Pekerja anak sekarang lebih mungkin terjadi di rumah atau mendukung mata pencaharian rumah tangga (misalnya, bertani dan menangkap ikan) karena tindakan karantina wilayah membatasi kesempatan kerja.

Anak-anak penyandang disabilitas di Indonesia menghadapi tantangan yang cukup besar. Penelitian menunjukkan bahwa disabilitas yang dialami anak-anak dan orang tua mempengaruhi pembelajaran mereka dan kemungkinan mereka untuk kembali ke sekolah.

Fasilitas pendidikan dan ifrastruktur yang buruk

Tujuh puluh lima persen sekolah di Indonesia berada di daerah berisiko bencana; negara seluas hampir 800.000 mil persegi ini rentan terhadap gempa bumi, tsunami, angin kencang, gunung berapi, tanah longsor, dan banjir.

Akses yang tidak merata ke internet, serta perbedaan dalam kualifikasi guru dan kualitas pendidikan, muncul sebagai tantangan terbesar dalam mengimplementasikan pembelajaran jarak jauh. Pembelajaran jarak jauh untuk anak-anak dan keragaman tingkat akses digital di Indonesia menyebabkan kesenjangan yang lebih jauh bagi anak-anak yang terpinggirkan.

Kualitas guru yang rendah

Salah satu penyebab utama rendahnya kualitas pendidikan di Indonesia adalah rendahnya kualitas guru yang disebabkan oleh proses rekrutmen guru yang tidak berfokus pada pemilihan tenaga kependidikan yang profesional, tetapi lebih pada pemenuhan kebutuhan pegawai negeri sipil.

Sebagian besar guru tidak memiliki profesionalisme yang memadai untuk melaksanakan tugasnya sebagaimana tercantum dalam Pasal 39 UU No. 20 Tahun 2003, yaitu merencanakan pembelajaran, melaksanakan pembelajaran, menilai hasil pembelajaran, melakukan pembimbingan dan pelatihan, melakukan penelitian dan melakukan pengabdian kepada masyarakat.

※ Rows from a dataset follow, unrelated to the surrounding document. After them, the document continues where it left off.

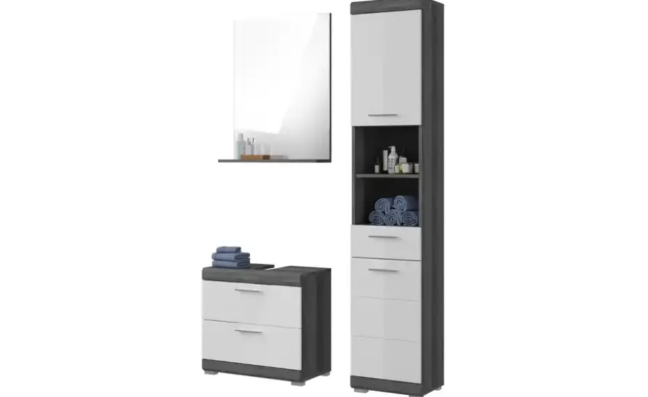 Badmöbel-Set SCHLOONSEE, 3 teilig, bestehend aus: Hochschrank, Waschbeckenunterschrank, Spiegel Schloonsee
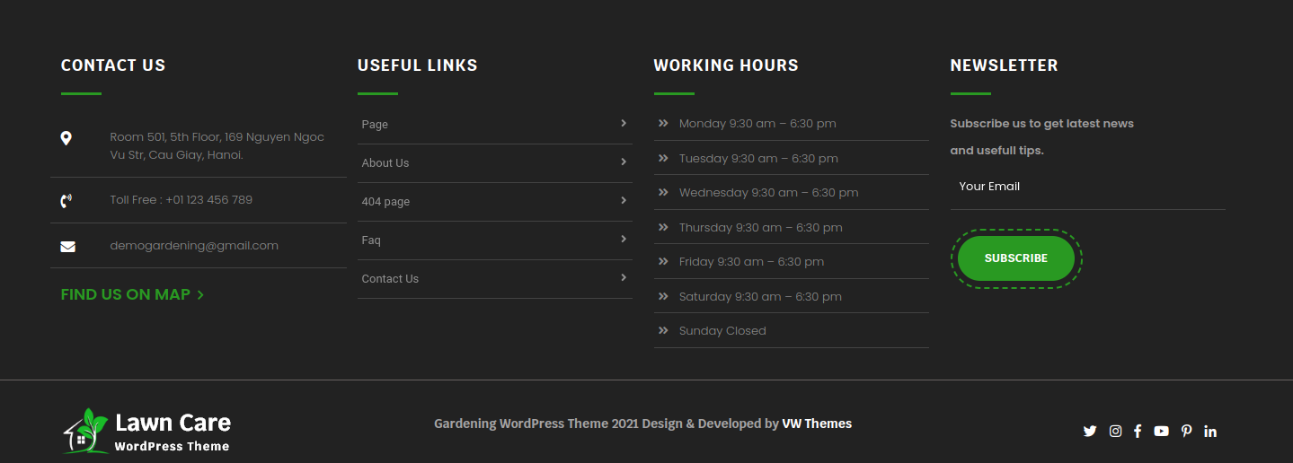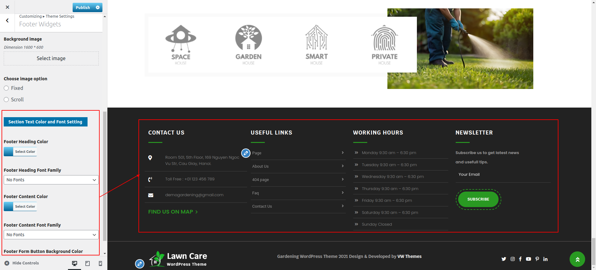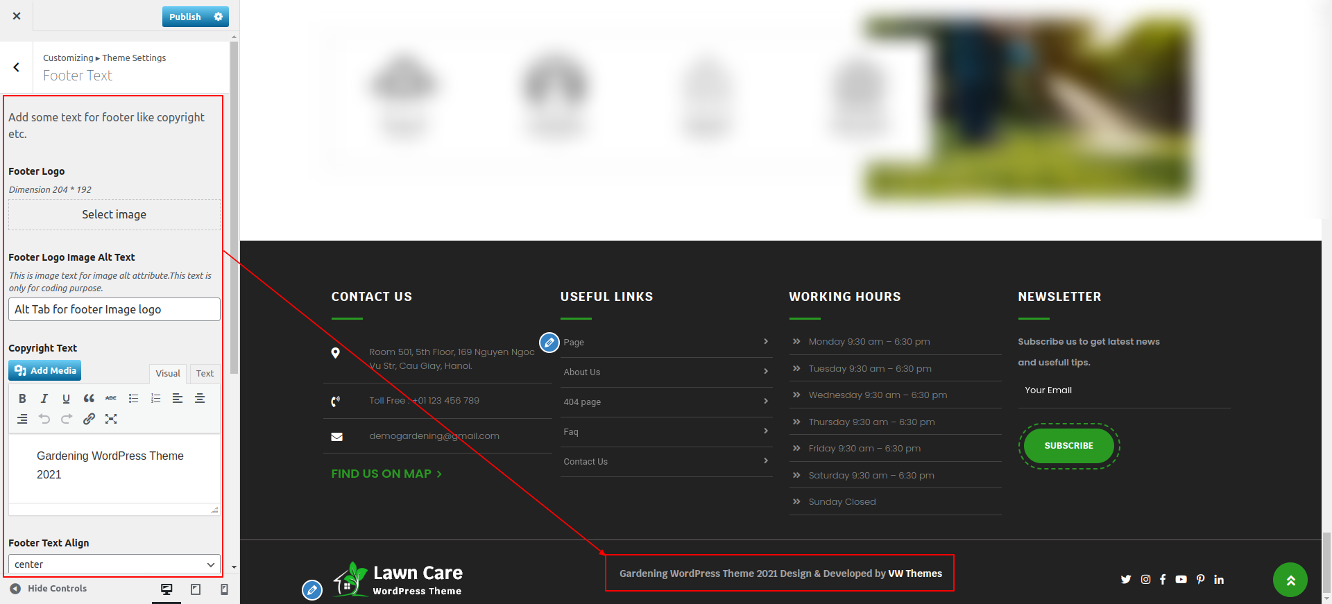 Go to Appearance >> Customize >> Theme Settings >> Footer Section
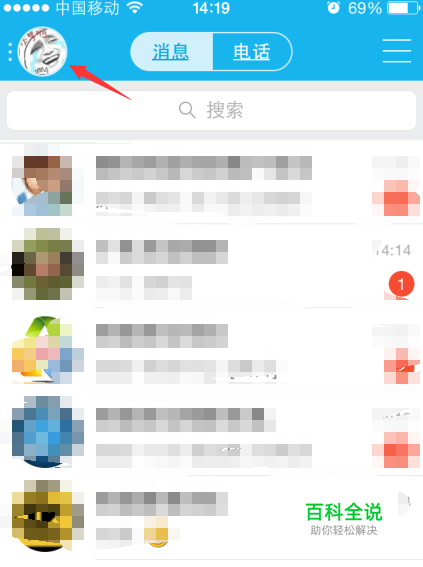 打开进入到我们要关闭或开启锁屏显示消息弹窗的手机QQ,然后在主窗上点击自己头像进入设置。
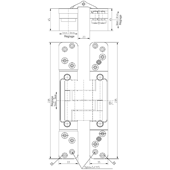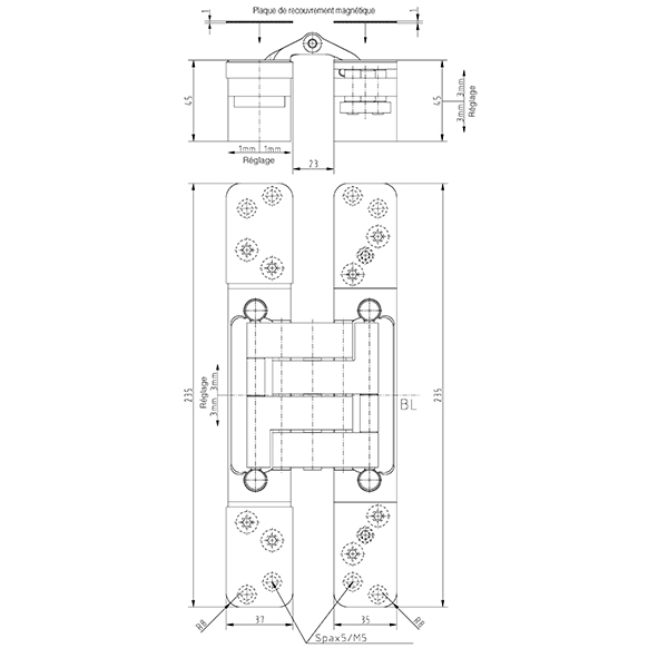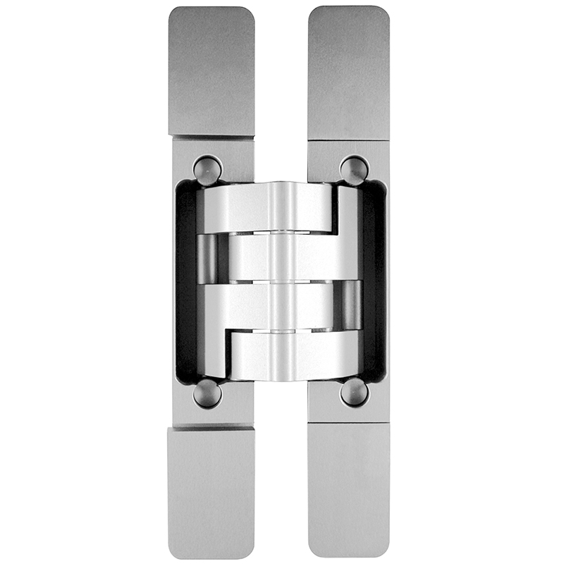 Châssis aluminium, platines acier, pour portes noyées, avec la porte fermée, la bande est invisible, réglage tridimensionnel, sans entretien, avec vis visibles ou modèle Design, pour l'utilisation sur des portes dans des voies d'évacuation et de secours avec des exigences en matière de protection contre la fumée et l'incendie, sans vis, force portante avec 2 fiches env. 150 kg

Sebagai bagian dari proses rekrutmen pegawai negeri sipil, proses rekrutmen guru pada umumnya tidak memperhatikan kemampuan kerja yang dibutuhkan oleh seorang guru yang profesional.

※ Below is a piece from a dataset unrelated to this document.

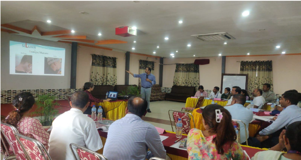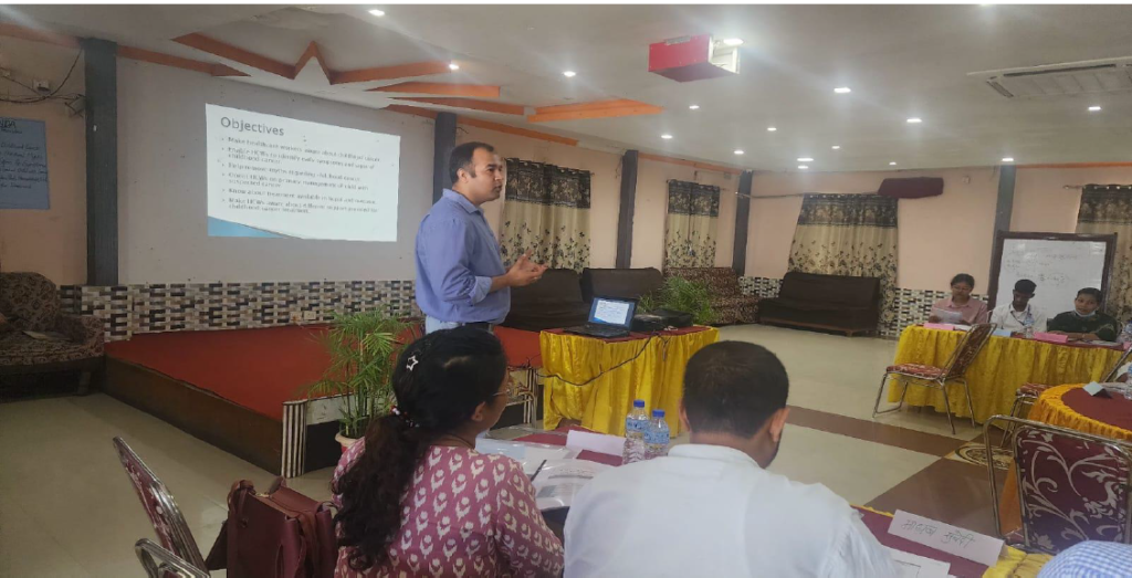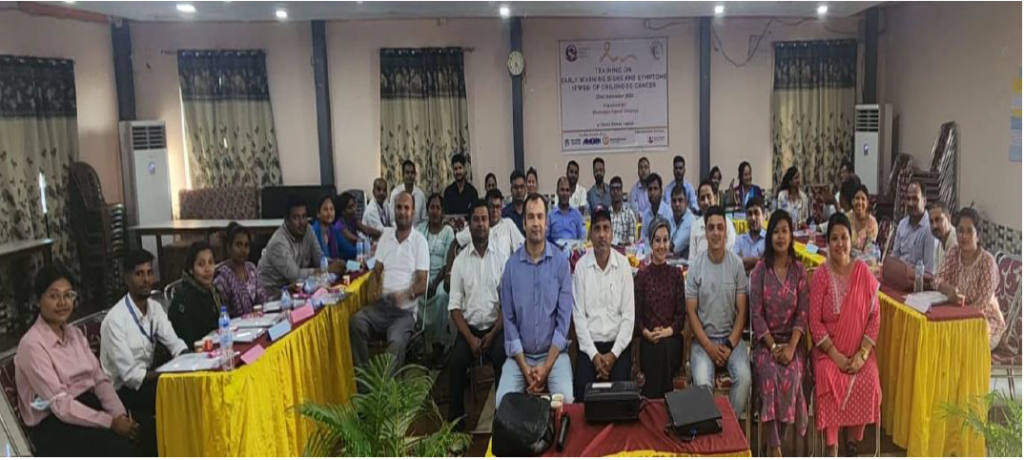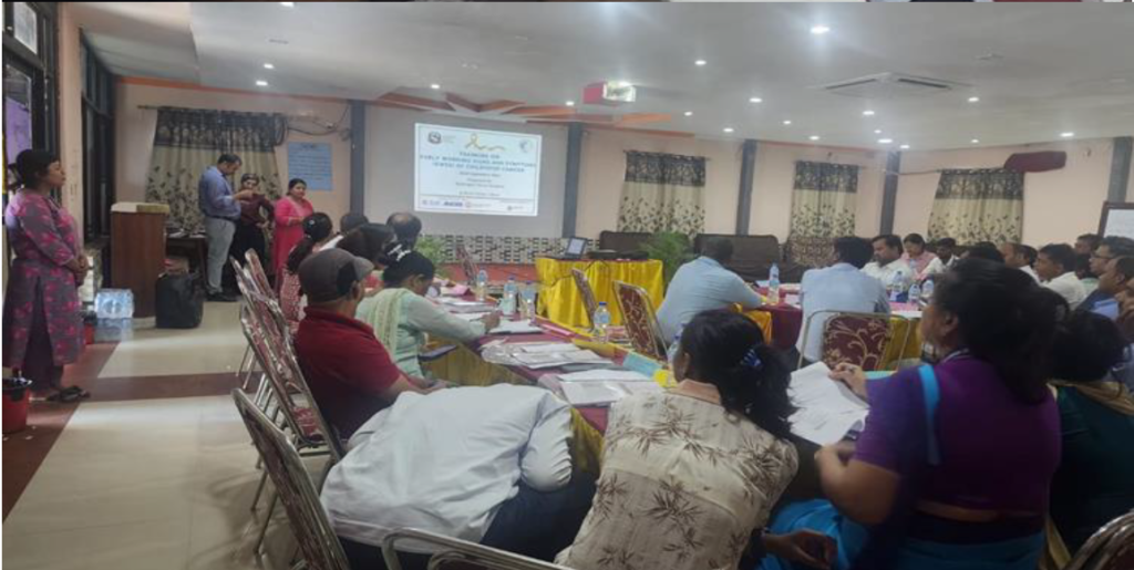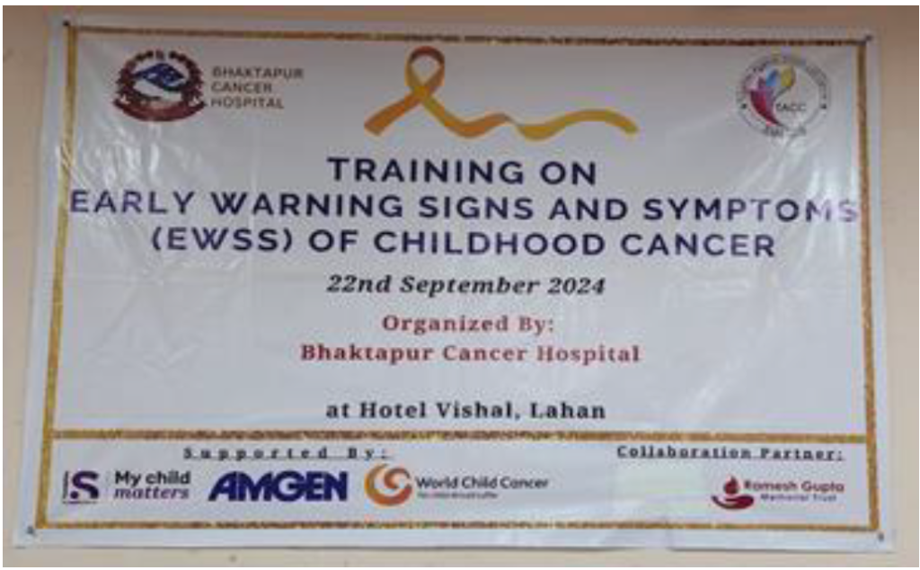 This training was organized on 2081/06/06 (22nd September 2024) at Hotel Vishal, Lahan, Siraha, Nepal. It was organized by Bhaktapur Cancer Hospital in Collaboration with Kanti Children`s Hospital with support from Together Against Childhood Cancer (TACC), Ramesh Gupta Memorial Trust (RGMT) and World Child Cancer (WCC).

Dalam sebuah survei baru-baru ini, guru-guru dalam sistem pendidikan yang mengikuti Uji Kompetensi Guru (UKG), yang mengukur kompetensi dalam pembelajaran dan pemahaman mata pelajaran yang diajarkan, bahkan tidak memenuhi skor minimum.

Survei tersebut juga menunjukkan bahwa guru yang berpendidikan di bawah standar yang ditetapkan pemerintah cukup tinggi, yaitu 64,09% untuk sekolah menengah pertama, 61,5% untuk sekolah menengah atas, dan 10,14% untuk sekolah menengah kejuruan.

Profesi guru membutuhkan keterampilan kerja yang kompleks. Guru harus mampu mengajar secara efektif dan memiliki komitmen serta motivasi yang tinggi untuk mencerdaskan anak didiknya.

Sementara itu, rekrutmen guru dalam sistem rekrutmen pegawai negeri sipil umumnya lebih mengutamakan nasionalisme dan pengetahuan umum dan bukan kompetensi mengajar.

Calon guru dengan nilai tertinggi pada seleksi kompetensi dasar akan mengikuti tes tertulis yang menguji kemampuan manajemen pembelajaran dan pengetahuan tentang mata pelajaran yang mereka ajarkan. Tidak ada cara untuk mengetahui kompetensi seorang guru profesional melalui tes pengetahuan umum tertulis.

Secara umum, perekrutan guru dalam proses pegawai negeri sipil tidak dapat memilih calon guru terbaik - sistem ini lebih mengutamakan nasionalisme dan pengetahuan umum, bukan pengajaran.